| DATASET EXCERPT |
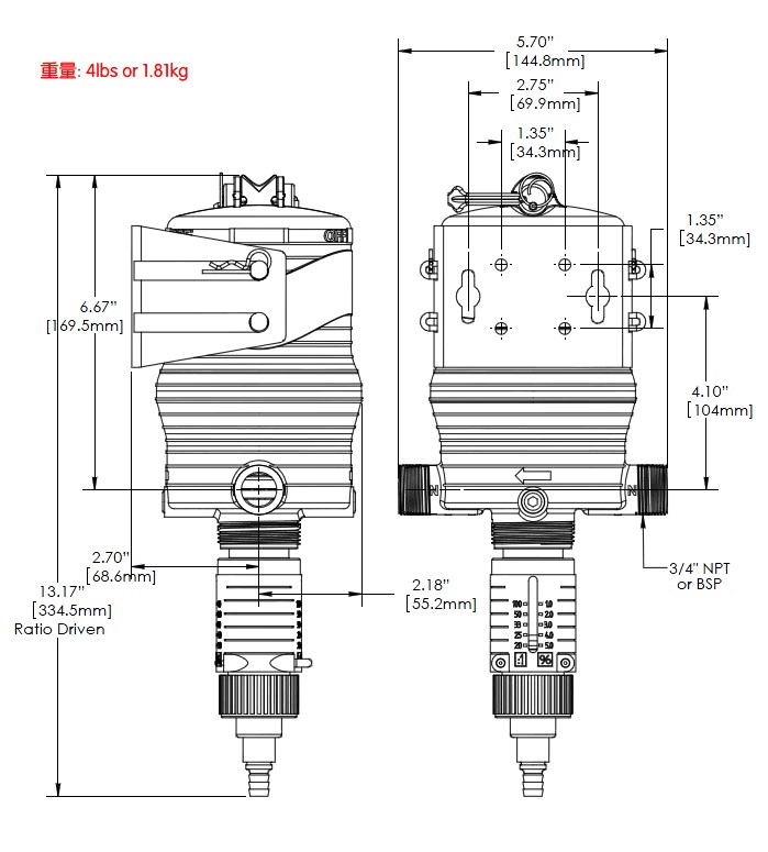 | SuperDos 450.3%2.5%5.0% 运行流量0.15 - 45 gpm0.15 - 45 gpm0.15 - 45 gpm配比比例0.025% - 0.30%1:4000 - 1:3330.20% - 2.50%1:500 - 1:400.40% - 5.0%1:250 - 1:20运行压力6 - 100 psi6 - 100 psi6 - 100 psi安装螺纹1 " npt/bsp1 " npt/bsp1 " npt/bsp |
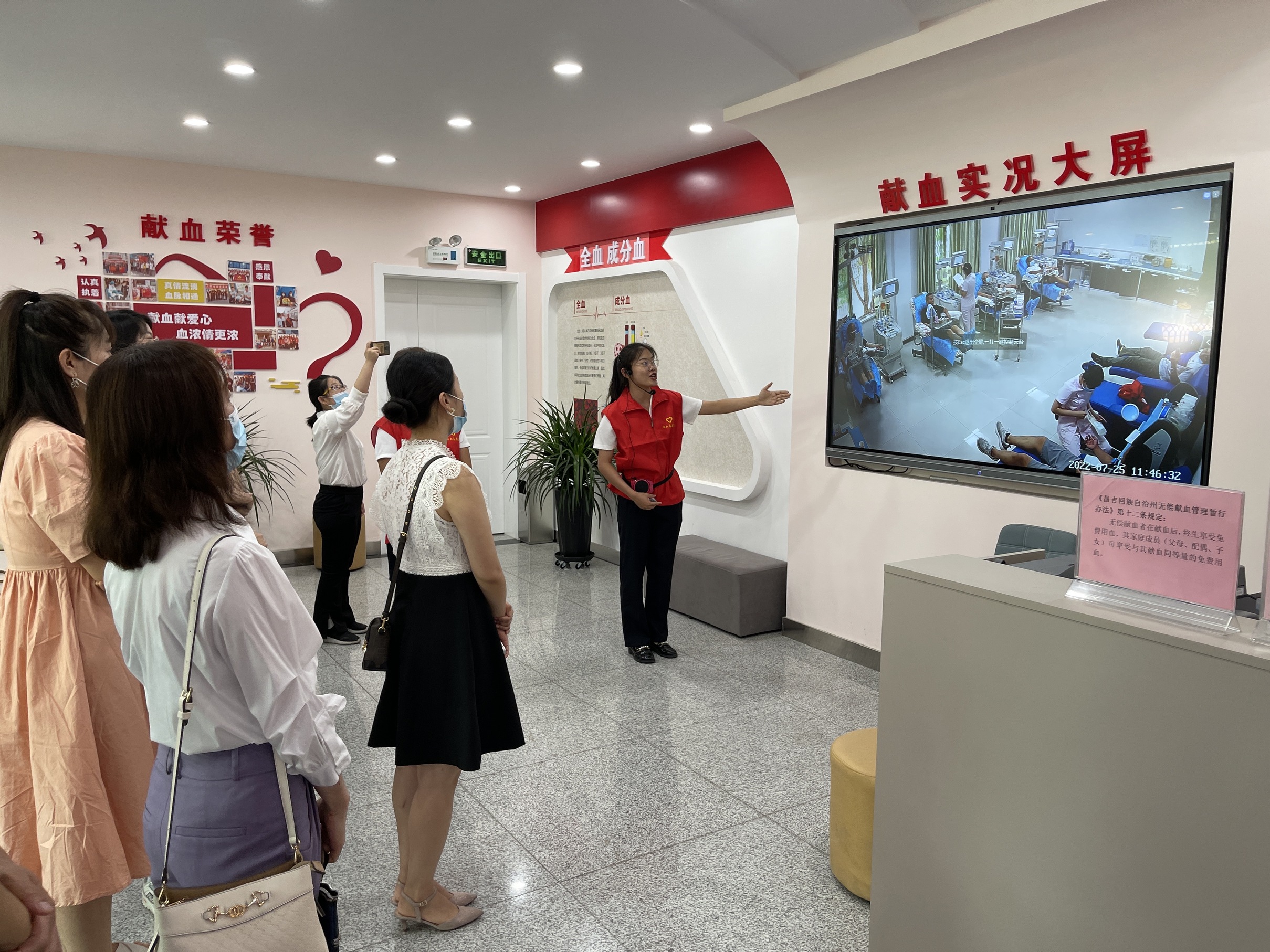 互观互学小组参观了我站新建成的无偿献血科普教育基地、体验了无偿献血具体流程、听取了州中心血站党支部的党建特色品牌建设情况。
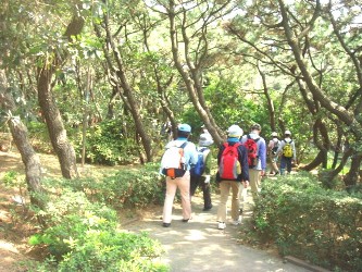 | 可愛い保育園児にはついシャッターが | ヘッドランド、遠くに烏帽子岩 | ||
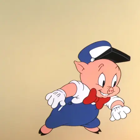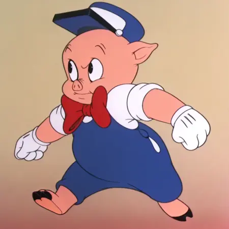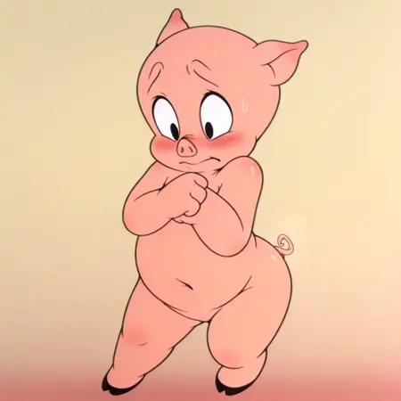 pig, male, slightly chubby, pink skin, black eyes, pointed ears, white gloves, animal feet, 2d, screencap

| PROMPT |
Would you give the material back exactly, minus the pictures?

| SOLUTION BELOW |
 | SuperDos 450.3%2.5%5.0% 运行流量0.15 - 45 gpm0.15 - 45 gpm0.15 - 45 gpm配比比例0.025% - 0.30%1:4000 - 1:3330.20% - 2.50%1:500 - 1:400.40% - 5.0%1:250 - 1:20运行压力6 - 100 psi6 - 100 psi6 - 100 psi安装螺纹1 " npt/bsp1 " npt/bsp1 " npt/bsp |
 互观互学小组参观了我站新建成的无偿献血科普教育基地、体验了无偿献血具体流程、听取了州中心血站党支部的党建特色品牌建设情况。
 | 可愛い保育園児にはついシャッターが | ヘッドランド、遠くに烏帽子岩 | ||
 pig, male, slightly chubby, pink skin, black eyes, pointed ears, white gloves, animal feet, 2d, screencap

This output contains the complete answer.